To outsiders looking at the mighty marble Guild headquarters on Valcaria and other Valcarian worlds and the huge fleets of ships bearing Guild markings teeming through space, the Guild looks all-powerful. The Guild leadership likes to encourage this belief, but despite its many resources, the Guild's power is greatly diluted because it is an extremely decentralized organization.
With over 300,000 member companies in the Guild, this is only to be expected. While the upper echelon may attempt to devise grand strategies of resource allocation and price fixing, the whole system is far too complex and unwieldy to be manipulated by any one group of individuals. This doesn't keep Guild officials from trying, but even they know there are limits; the Guild has traditionally been highly wary of external authority - a definition broad enough to include overzealous Guild administrations.
Were the Mining Guild actually as powerful as its reputation suggests, Altharra would almost certainly disband it at all costs - a unified entity controlling 75 percent of the Empire's raw materials would pose a threat to his rule impossible to ignore.
There is one area where Guild officials are very focused in their duties, and that is in locating non-member mining operations and inviting them to join the Guild. Guild membership is strongly encouraged (read "required") for mining installations which do most of their business in intersystem trade. And most "outed" companies prefer to pay the exorbitant Guild initiation fees than face the crippling sanctions and boycotts which amazingly always follow a refusal to join. Naturally, there are many operations which get by without Guild membership, either because they are especially clever in evading detection, or too small or remote to warrant attention.
The Guild has no interest in installations genuinely operated by governments. Some companies, however, try to get out of Guild membership by being "acquired" by pliant local governments, but Guild investigators keep a close watch on government-controlled companies, and usually ferret out the abusers.
Mining Guild Recruiters
Such rouge operations are sought out and invited to join the Mining Guild by specialized operatives employed by the Mining Guild. These operatives, called recruiters, vary in skill and capabilities, but the best of them rival bounty hunters and scouts in their resourcefulness and ability to avoid "accidents," ambushes, and other deadly surprises arranged by rogue mine officials who don't want them filing a report with the Mining Guild.
Recruiters are also empowered by the Guild and the Valcarian Empire to apprehend claim jumpers when they find them. Few actually make arrests, preferring to gather evidence and turn it over to local law enforcement agencies.
Not surprisingly, recruiters spend a lot of their time in odd, out-of-the-way locales, and turn up in the most surprising places.
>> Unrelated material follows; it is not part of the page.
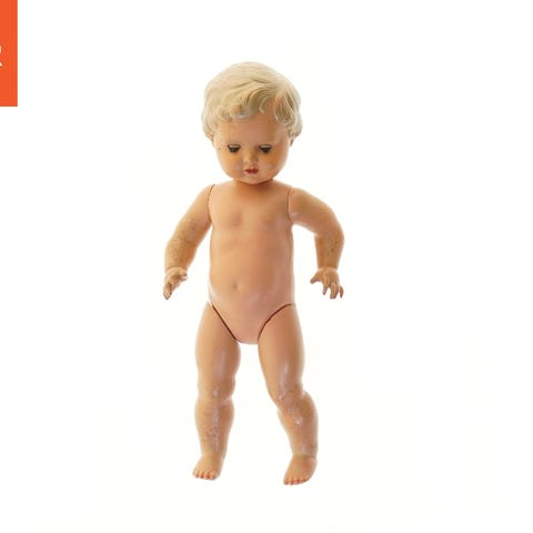 Dukken er en traditionel legetøjsdukke med lang blond hår og klædt i en hvid kjole med lyserøde detaljer. Den har også en løs hvid underkjole ved siden af. Dukken har en længde på 47 cm og er beregnet til børns leg.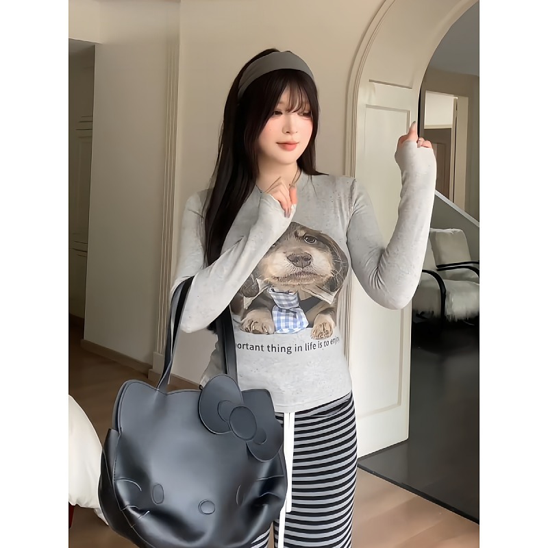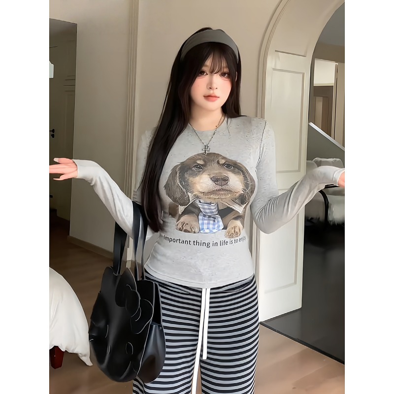 大码胖mm美式小狗印花圆领长袖T恤秋季新款时尚设计感百搭上衣女

A number of recruiters secretly freelance for other groups, including the Empire and criminal organizations, all of whom are always on the lookout for new places to hide secret bases. Some recruiters can be bribed to ignore illegal settlements they discover that don't involve mining, but even they balk at accepting bribes from rogue mining officials. Other, more law-abiding types, will report any questionable site to local law enforcement officials.
History of the Guild
The Mining Guild is an extremely ancient organization. No one knows today how it began, when it began, or even where. It reaches back into the shadowy early days of civilization. About the only thing that historians can say for sure is that the Mining Guild originated in the area of space now fully controlled by the Valcarian Imperial Republic.
In one respect, the Mining Guild has never left the Empire. Valcaria has been the center of galactic power for millennia, and the Guild has always concentrated its best agents, lobbyists, and representatives on key imperial worlds, the first of which has always been Valcaria.
However, those who look beyond the impossible buildings and skyhooks of the Valcaria offices soon discover an interesting fact: the true power of the Guild no longer resides on Valcaria. Indeed, it no longer resides in the Empire.
The reasons for this are not hard to fathom. The early imperial power brokers of the Guild obtained their positions because their worlds produced vast amounts of raw materials. They represented billions and billions of tons of ore being produced per month, and behind that, still more billions of credits pouring into the coffers that bought their Guild positions.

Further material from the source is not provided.